→ **What you need to do**: With the pictures omitted, write out all of the listing exactly.

→ **Data**:
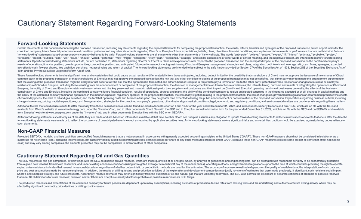 Cautionary Statement Regarding Forward-Looking Statements Forward-Looking Statements Certain statements in this document concerning the proposed transaction, including any statements regarding the expected timetable for completing the proposed transaction, the results, effects, benefits and synergies of the proposed transaction, future opportunities for the combined company, future financial performance and condition, guidance and any other statements regarding Chord’s or Enerplus’ future expectations, beliefs, plans, objectives, financial conditions, assumptions or future events or performance that are not historical facts are “forward-looking” statements based on assumptions currently believed to be valid. Forward-looking statements are all statements other than statements of historical facts. The words “anticipate,” “believe,” “ensure,” “expect,” “if,” “intend,” “estimate,” “probable,” “project,” “forecasts,” “predict,” “outlook,” “aim,” “will,” “could,” “should,” “would,” “potential,” “may,” “might,” “anticipate,” “likely” “plan,” “positioned,” “strategy,” and similar expressions or other words of similar meaning, and the negatives thereof, are intended to identify forward-looking statements. Specific forward-looking statements include, but are not limited to, statements regarding Chord’s or Enerplus’ plans and expectations with respect to the proposed transaction and the anticipated impact of the proposed transaction on the combined company’s results of operations, financial position, growth opportunities, competitive position, and anticipated future performance, including maintaining Chord and Enerplus management, strategies and plans, integration, debt levels and leverage ratio, cash flows, synergies, expected accretion to cash flow per shares, free cash flow per share, net asset value and return of capital. The forward-looking statements are intended to be subject to the safe harbor provided by Section 27A of the Securities Act of 1933, Section 21E of the Securities Exchange Act of 1934 and the Private Securities Litigation Reform Act of 1995. These forward-looking statements involve significant risks and uncertainties that could cause actual results to differ materially from those anticipated, including, but not limited to, the possibility that shareholders of Chord may not approve the issuance of new shares of Chord common stock in the proposed transaction or that shareholders of Enerplus may not approve the proposed transaction; the risk that any other condition to closing of the proposed transaction may not be satisfied, that either party may terminate the arrangement agreement or that the closing of the proposed transaction might be delayed or not occur at all; the risk that the agreement is terminated and either Chord or Enerplus is required to pay a termination fee to the other party; potential adverse reactions or changes to business or employee relationships of Chord or Enerplus, including those resulting from the announcement or completion of the proposed transaction; the diversion of management time on transaction-related issues; the ultimate timing, outcome and results of integrating the operations of Chord and Enerplus; the ability of Chord and Enerplus to retain customers, retain and hire key personnel and maintain relationship with their suppliers and customers and their impact on Chord's and Enerplus' operating results and businesses generally; the effects of the business combination of Chord and Enerplus, including the combined company’s future financial condition, results of operations, strategy and plans; the ability of the combined company to realize anticipated synergies in the timeframe expected or at all; changes in capital markets and the ability of the combined company to finance operations in the manner expected; regulatory approval of the proposed transaction; the risk of any litigation relating to the proposed transaction; the risk of changes in governmental regulations or enforcement practices;the effects of commodity prices; the risks of oil and gas activities; and the fact that operating costs and business disruption may be greater than expected following the public announcement or consummation of the proposed transaction. Expectations regarding business outlook, including changes in revenue, pricing, capital expenditures, cash flow generation, strategies for the combined company’s operations, oil and natural gas market conditions, legal, economic and regulatory conditions, and environmental matters are only forecasts regarding these matters. Additional factors that could cause results to differ materially from those described above can be found in Chord’s Annual Report on Form 10-K for the year ended December 31, 2022, and subsequent Quarterly Reports on Form 10-Q, which are on file with the SEC and available from Chord’s website at www.chordenergy.com under the “Investors” tab, and in other documents Chord files with the SEC and in Enerplus’ annual information form for the year ended December 31, 2022, which is on file with the SEC and on SEDAR+ and available from Enerplus’ website at www.enerplus.com under the “Investors” tab, and in other documents Enerplus files with the SEC or on SEDAR+. All forward-looking statements speak only as of the date they are made and are based on information available at that time. Neither Chord nor Enerplus assumes any obligation to update forward-looking statements to reflect circumstances or events that occur after the date the forward-looking statements were made or to reflect the occurrence of unanticipated events except as required by applicable securities laws. As forward-looking statements involve significant risks and uncertainties, caution should be exercised against placing undue reliance on such statements. Non-GAAP Financial Measures Projected EBITDAX, net debt, and free 
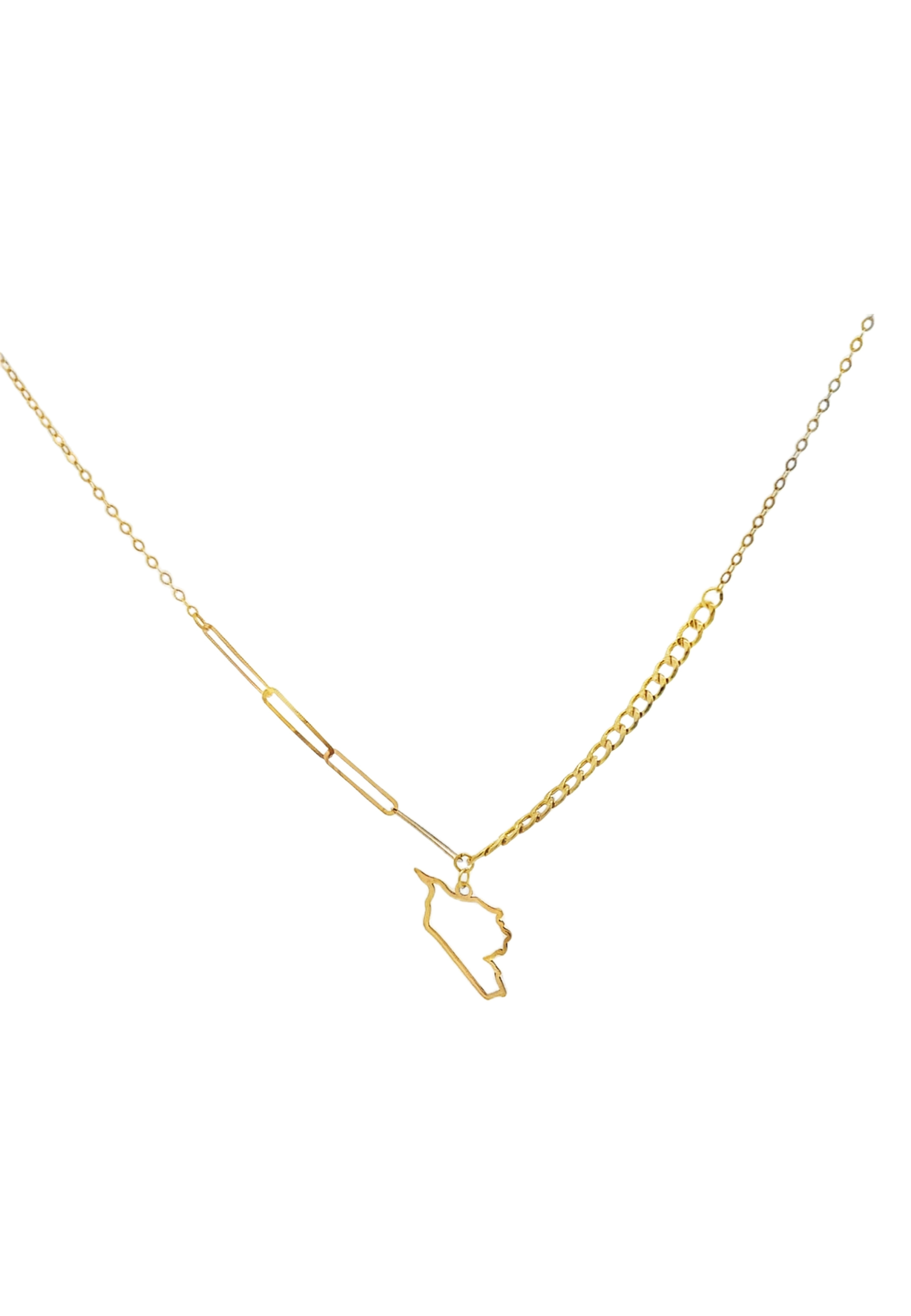 This 18KT gold necklace features a Syria map pendant paired with a mix of curb and paperclip chains, blending cultural significance with modern style. A meaningful and fashionable statement piece.
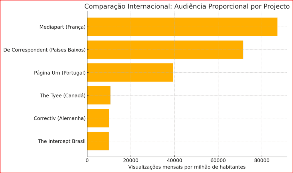 Com cerca de 405 mil visualizações mensais entre Outubro do ano passado e o presente mês de Março, e dirigido sobretudo para uma população de pouco mais de 10 milhões de habitantes, o PÁGINA UM regista actualmente perto de 39 mil visualizações mensais por milhão de habitantes. Esta métrica, usada para comparar proporcionalmente o alcance dos meios em diferentes países, coloca o PÁGINA UM num patamar assinalável quando confrontado com projectos de jornalismo independente internacionais bem financiados e amplamente estruturados.
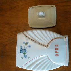 Порцеланов съд за ориз. Произход България около 1970 г. Габаритни размери заедно с капака 110*70*180 мм.

→ **Reply**:
 Cautionary Statement Regarding Forward-Looking Statements Forward-Looking Statements Certain statements in this document concerning the proposed transaction, including any statements regarding the expected timetable for completing the proposed transaction, the results, effects, benefits and synergies of the proposed transaction, future opportunities for the combined company, future financial performance and condition, guidance and any other statements regarding Chord’s or Enerplus’ future expectations, beliefs, plans, objectives, financial conditions, assumptions or future events or performance that are not historical facts are “forward-looking” statements based on assumptions currently believed to be valid. Forward-looking statements are all statements other than statements of historical facts. The words “anticipate,” “believe,” “ensure,” “expect,” “if,” “intend,” “estimate,” “probable,” “project,” “forecasts,” “predict,” “outlook,” “aim,” “will,” “could,” “should,” “would,” “potential,” “may,” “might,” “anticipate,” “likely” “plan,” “positioned,” “strategy,” and similar expressions or other words of similar meaning, and the negatives thereof, are intended to identify forward-looking statements. Specific forward-looking statements include, but are not limited to, statements regarding Chord’s or Enerplus’ plans and expectations with respect to the proposed transaction and the anticipated impact of the proposed transaction on the combined company’s results of operations, financial position, growth opportunities, competitive position, and anticipated future performance, including maintaining Chord and Enerplus management, strategies and plans, integration, debt levels and leverage ratio, cash flows, synergies, expected accretion to cash flow per shares, free cash flow per share, net asset value and return of capital. The forward-looking statements are intended to be subject to the safe harbor provided by Section 27A of the Securities Act of 1933, Section 21E of the Securities Exchange Act of 1934 and the Private Securities Litigation Reform Act of 1995. These forward-looking statements involve significant risks and uncertainties that could cause actual results to differ materially from those anticipated, including, but not limited to, the possibility that shareholders of Chord may not approve the issuance of new shares of Chord common stock in the proposed transaction or that shareholders of Enerplus may not approve the proposed transaction; the risk that any other condition to closing of the proposed transaction may not be satisfied, that either party may terminate the arrangement agreement or that the closing of the proposed transaction might be delayed or not occur at all; the risk that the agreement is terminated and either Chord or Enerplus is required to pay a termination fee to the other party; potential adverse reactions or changes to business or employee relationships of Chord or Enerplus, including those resulting from the announcement or completion of the proposed transaction; the diversion of management time on transaction-related issues; the ultimate timing, outcome and results of integrating the operations of Chord and Enerplus; the ability of Chord and Enerplus to retain customers, retain and hire key personnel and maintain relationship with their suppliers and customers and their impact on Chord's and Enerplus' operating results and businesses generally; the effects of the business combination of Chord and Enerplus, including the combined company’s future financial condition, results of operations, strategy and plans; the ability of the combined company to realize anticipated synergies in the timeframe expected or at all; changes in capital markets and the ability of the combined company to finance operations in the manner expected; regulatory approval of the proposed transaction; the risk of any litigation relating to the proposed transaction; the risk of changes in governmental regulations or enforcement practices;the effects of commodity prices; the risks of oil and gas activities; and the fact that operating costs and business disruption may be greater than expected following the public announcement or consummation of the proposed transaction. Expectations regarding business outlook, including changes in revenue, pricing, capital expenditures, cash flow generation, strategies for the combined company’s operations, oil and natural gas market conditions, legal, economic and regulatory conditions, and environmental matters are only forecasts regarding these matters. Additional factors that could cause results to differ materially from those described above can be found in Chord’s Annual Report on Form 10-K for the year ended December 31, 2022, and subsequent Quarterly Reports on Form 10-Q, which are on file with the SEC and available from Chord’s website at www.chordenergy.com under the “Investors” tab, and in other documents Chord files with the SEC and in Enerplus’ annual information form for the year ended December 31, 2022, which is on file with the SEC and on SEDAR+ and available from Enerplus’ website at www.enerplus.com under the “Investors” tab, and in other documents Enerplus files with the SEC or on SEDAR+. All forward-looking statements speak only as of the date they are made and are based on information available at that time. Neither Chord nor Enerplus assumes any obligation to update forward-looking statements to reflect circumstances or events that occur after the date the forward-looking statements were made or to reflect the occurrence of unanticipated events except as required by applicable securities laws. As forward-looking statements involve significant risks and uncertainties, caution should be exercised against placing undue reliance on such statements. Non-GAAP Financial Measures Projected EBITDAX, net debt, and free 
 This 18KT gold necklace features a Syria map pendant paired with a mix of curb and paperclip chains, blending cultural significance with modern style. A meaningful and fashionable statement piece.
 Com cerca de 405 mil visualizações mensais entre Outubro do ano passado e o presente mês de Março, e dirigido sobretudo para uma população de pouco mais de 10 milhões de habitantes, o PÁGINA UM regista actualmente perto de 39 mil visualizações mensais por milhão de habitantes. Esta métrica, usada para comparar proporcionalmente o alcance dos meios em diferentes países, coloca o PÁGINA UM num patamar assinalável quando confrontado com projectos de jornalismo independente internacionais bem financiados e amplamente estruturados.
 Порцеланов съд за ориз. Произход България около 1970 г. Габаритни размери заедно с капака 110*70*180 мм.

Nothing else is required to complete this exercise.